=== WHAT THE EXERCISE ASKS ===
Could every line below be transcribed exactly, with the pictures dropped?

=== DATASET CONTENT ===
* * * *

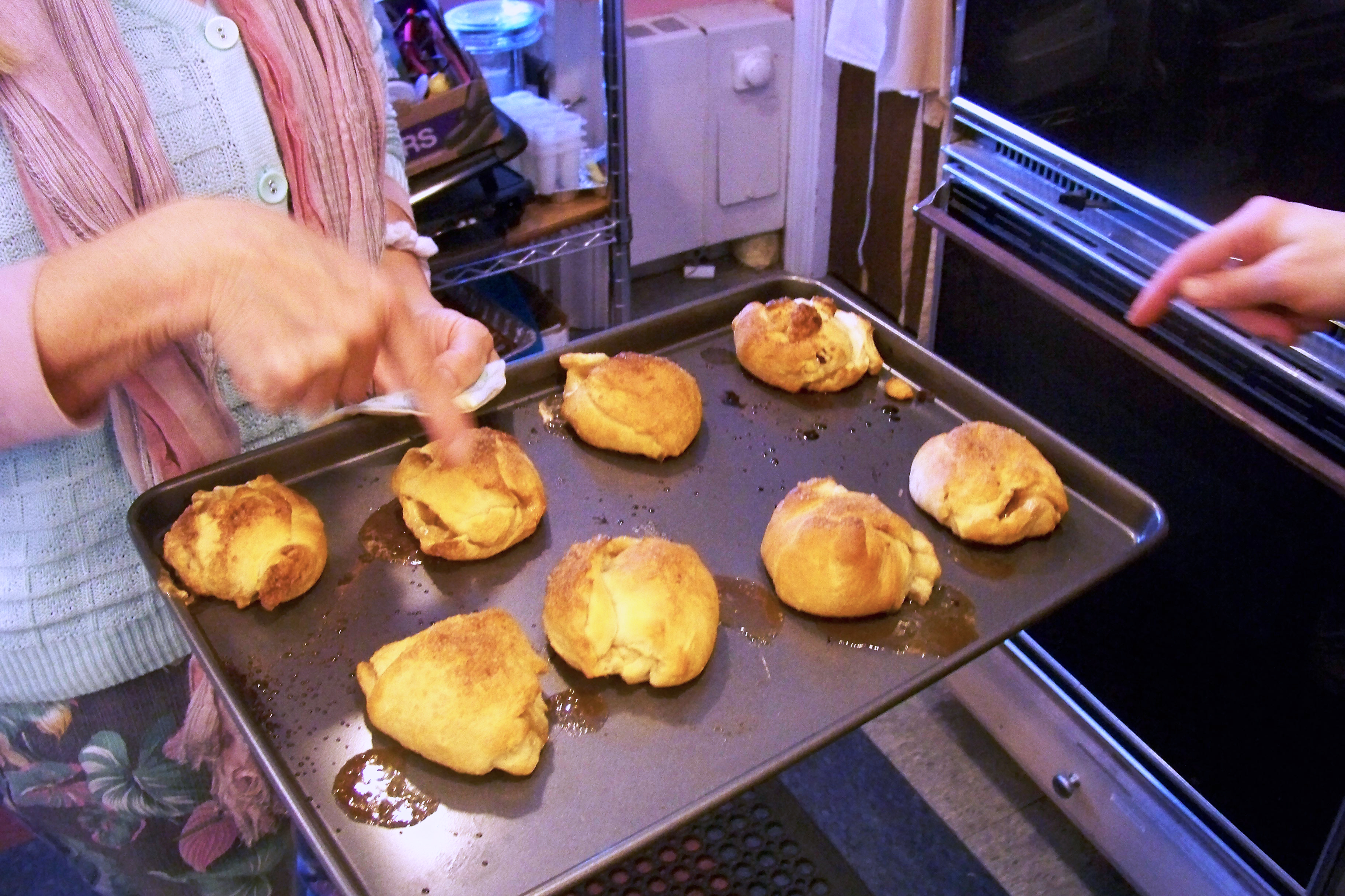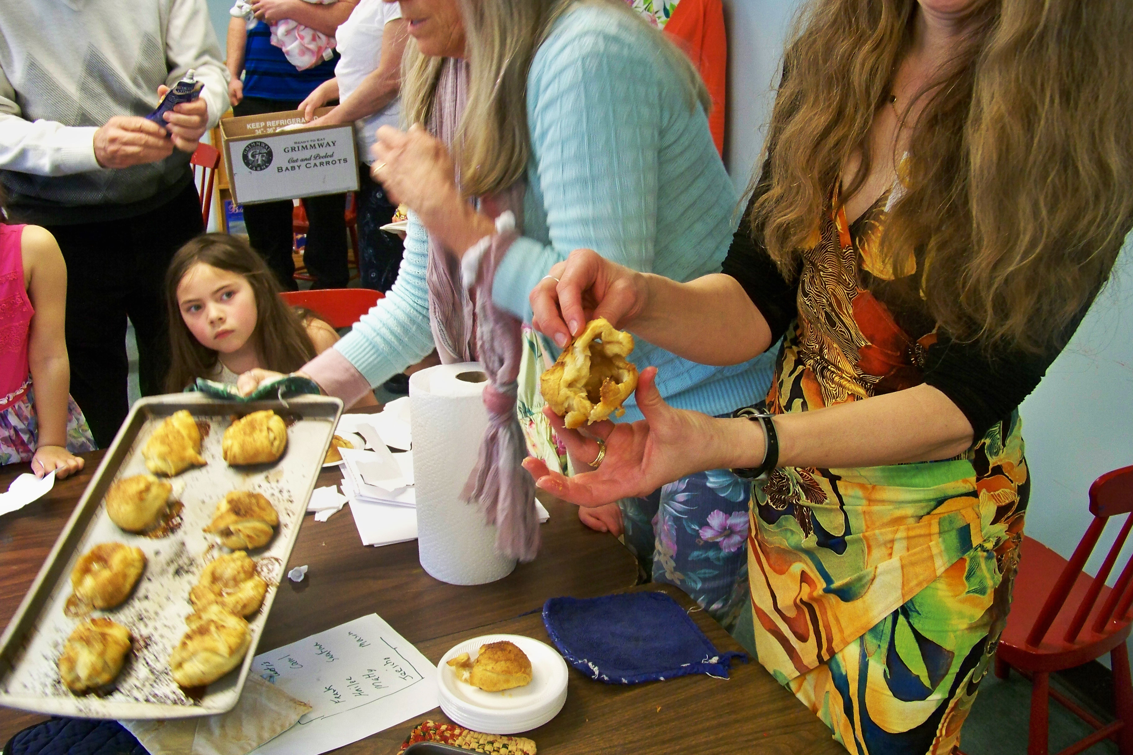The rolls were then placed in the oven to bake. When they were done, each child was told to break open the roll.
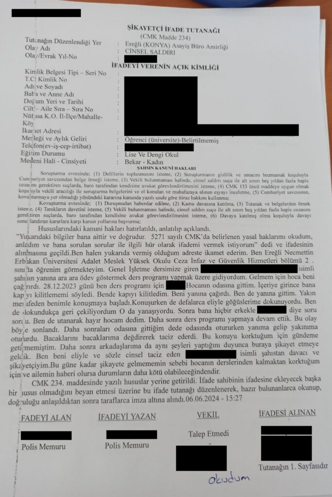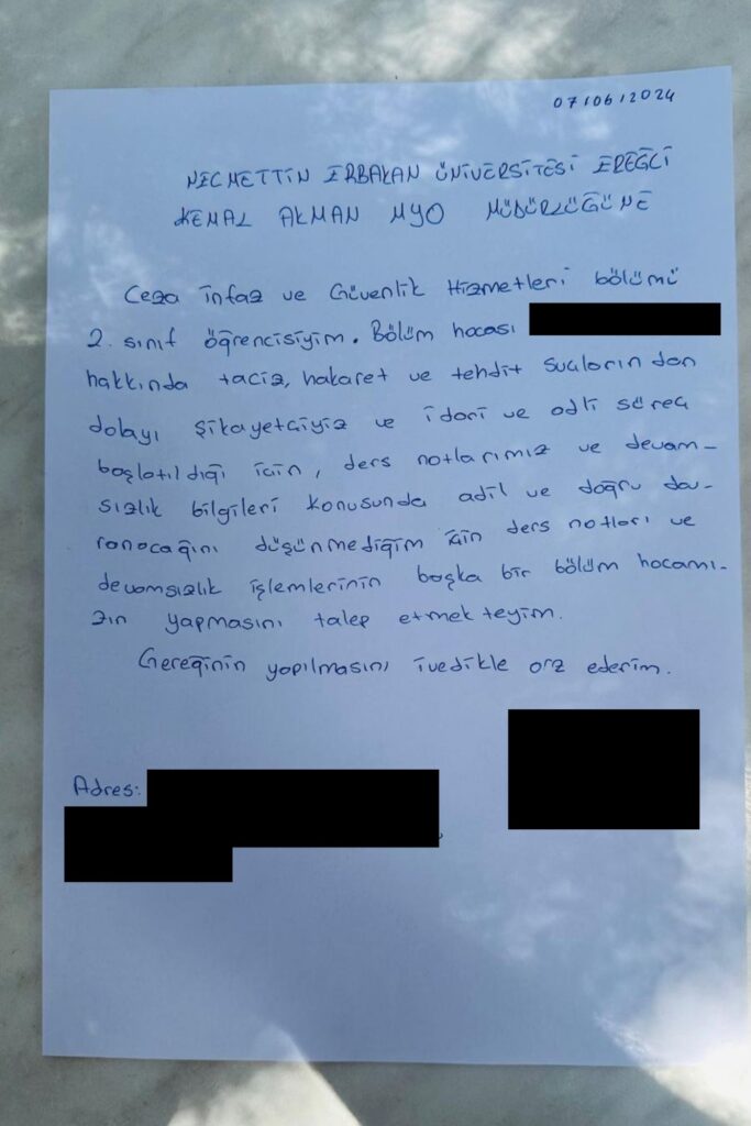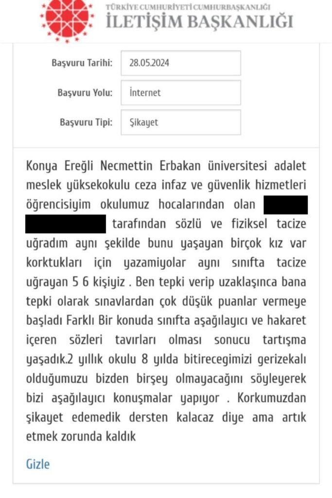 Yaşanan tüm bu süreçlerin ardından birbirinden habersiz olan ve tacize uğradığını iddia eden öğrencilerden biri ilk şikayeti Cumhurbaşkanlığı İletişim Merkezi’ne (CİMER) ilettiğini de kaydetti. Öğrenci CİMER’e ilettiği şikayette şunları yazdığını belirtti: “Konya Ereğli Necmettin Erbakan Üniversitesi Adalet Meslek Yüksekokulu Ceza İnfaz ve Güvenlik Hizmetleri öğrencisiyim. Okulumuz hocalarından olan E. D. tarafından sözlü ve fiziksel tacize uğradım. Aynı şekilde bunu yaşayan birçok kız var. Korktukları için yazamıyorlar. Aynı sınıfta tacize uğrayan 5-6 kişiyiz. Ben tepki verip uzaklaşınca bana tepki olarak sınavlardan çok düşük puanlar vermeye başladı. Farklı bir konuda sınıfta aşağılayıcı ve hakaret içeren sözleri tavırları olması sonucu tartışma yaşadık. 2 yıllık okulu 8 yılda bitireceğimizi, gerizekalı olduğumuzu, bizden birşey olmayacağını söyleyerek bizi aşağılayıcı konuşmalar yapıyor. Korkumuzdan şikayet edemedik dersten kalacağız diye ama artık etmek zorunda kaldık.”
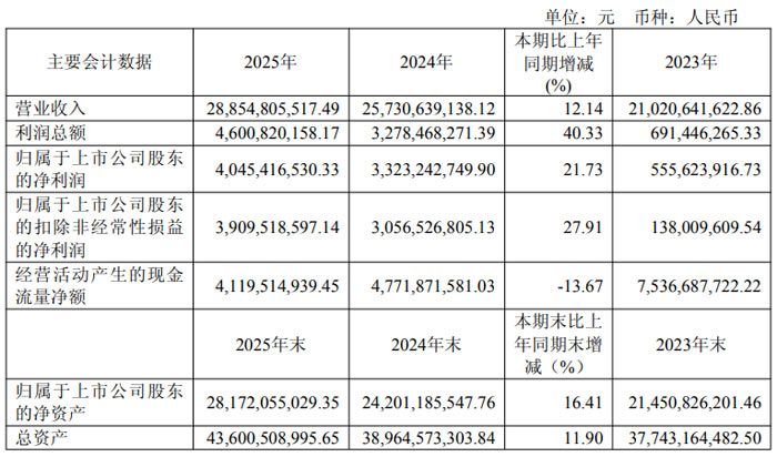 基本每股收益為 3.37 元 / 股,同比增長 21.66%;加權(quán)平均凈資產(chǎn)收益率達 15.39%,較上年增加 0.56 個百分點,盈利質(zhì)量穩(wěn)步提升。從季度表現(xiàn)來看,公司各季度營收分布相對均衡,其中第三季度營收最高,達 78.27 億元,歸屬于上市公司股東的凈利潤 11.82 億元,為全年業(yè)績增長提供有力支撐。

* * * *

=== EXERCISE OUTPUT ===
The rolls were then placed in the oven to bake. When they were done, each child was told to break open the roll.
 Yaşanan tüm bu süreçlerin ardından birbirinden habersiz olan ve tacize uğradığını iddia eden öğrencilerden biri ilk şikayeti Cumhurbaşkanlığı İletişim Merkezi’ne (CİMER) ilettiğini de kaydetti. Öğrenci CİMER’e ilettiği şikayette şunları yazdığını belirtti: “Konya Ereğli Necmettin Erbakan Üniversitesi Adalet Meslek Yüksekokulu Ceza İnfaz ve Güvenlik Hizmetleri öğrencisiyim. Okulumuz hocalarından olan E. D. tarafından sözlü ve fiziksel tacize uğradım. Aynı şekilde bunu yaşayan birçok kız var. Korktukları için yazamıyorlar. Aynı sınıfta tacize uğrayan 5-6 kişiyiz. Ben tepki verip uzaklaşınca bana tepki olarak sınavlardan çok düşük puanlar vermeye başladı. Farklı bir konuda sınıfta aşağılayıcı ve hakaret içeren sözleri tavırları olması sonucu tartışma yaşadık. 2 yıllık okulu 8 yılda bitireceğimizi, gerizekalı olduğumuzu, bizden birşey olmayacağını söyleyerek bizi aşağılayıcı konuşmalar yapıyor. Korkumuzdan şikayet edemedik dersten kalacağız diye ama artık etmek zorunda kaldık.”
 基本每股收益為 3.37 元 / 股,同比增長 21.66%;加權(quán)平均凈資產(chǎn)收益率達 15.39%,較上年增加 0.56 個百分點,盈利質(zhì)量穩(wěn)步提升。從季度表現(xiàn)來看,公司各季度營收分布相對均衡,其中第三季度營收最高,達 78.27 億元,歸屬于上市公司股東的凈利潤 11.82 億元,為全年業(yè)績增長提供有力支撐。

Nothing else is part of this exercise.